The satellite industry often thinks of itself as a unique small speck of the communications industry under constant threat from fiber. As it turns out, revenue from the fiber network carriers is growing, globally, at about 5% annually. Traffic is growing faster, but declining pricing limits the revenue growth – about the exact same story as the satellite operators! A quick Google search shows that Insight Research recently predicted global telecommunication industry growth revenue to increase 5.3% annually over the next five years. Even in the booming wireless carrier market IBISWorld estimates only 7.8% annual growth over the past five years. Essentially, the communications industry appears to be remarkably evenly mature across segments.
Viewing maps of fiber being laid in new markets, by companies such as China Unicom, highlighted the competition between fiber and satellite as fiber reaches more and more remote outpost. However, most companies at the conference indicated that most carrier industry growth was coming from 1) Cloud computing applications (seemed to be on every company’s agenda) with various strategies and seeming no consensus on the right one; 2) Low latency networks for high frequency trading (companies such as Hudson Fiber Network) and 3) 4G backhaul (also on everyone’s agenda), all applications having very little impact on the satellite industry. This seems to be somewhat at odds with industry research suggesting rapid carrier growth in Asia, the Pacific Rim and Latin America driven by their growing middle classes. This discrepancy may be explained by the mix of companies to whom I spoke, most of whom operated primarily in the US. But this may also be somewhat analogous to the satellite industry’s counterintuitive experience of seeing most of its growth from new applications in the United States and Europe as opposed to developing regions with less existing infrastructure.

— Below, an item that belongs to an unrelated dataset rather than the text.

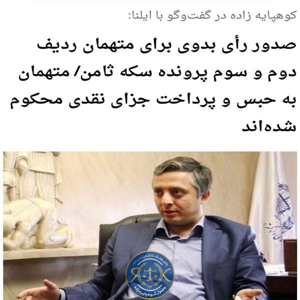 رسول کوهپایه‌ زاده، وکیل مالباختگان پرونده سكه ثامن در گفت‌وگو با خبرنگار ایلنا، در خصوص آخرین اطلاعات مربوط به پرونده ...

The structure of the conference was also remarkably similar to that of the satellite industry. The rows of booths of companies selling networking hardware is really no different than any satellite conference. Of course, there were no satellite teleports exhibiting, but plenty of telecom hub operators. There were no satellite component manufactures exhibiting traveling wave tubes and the like, but there were plenty of companies selling optical repeaters and similarly analogous equipment. The leading industry news sources including Datacenter Dynamics, Globalvision Magazine, TMC.net and Telepresence Options were also there. I spoke to a representative from 451 Research and was impressed with the depth of the independent research available in this, much larger sector.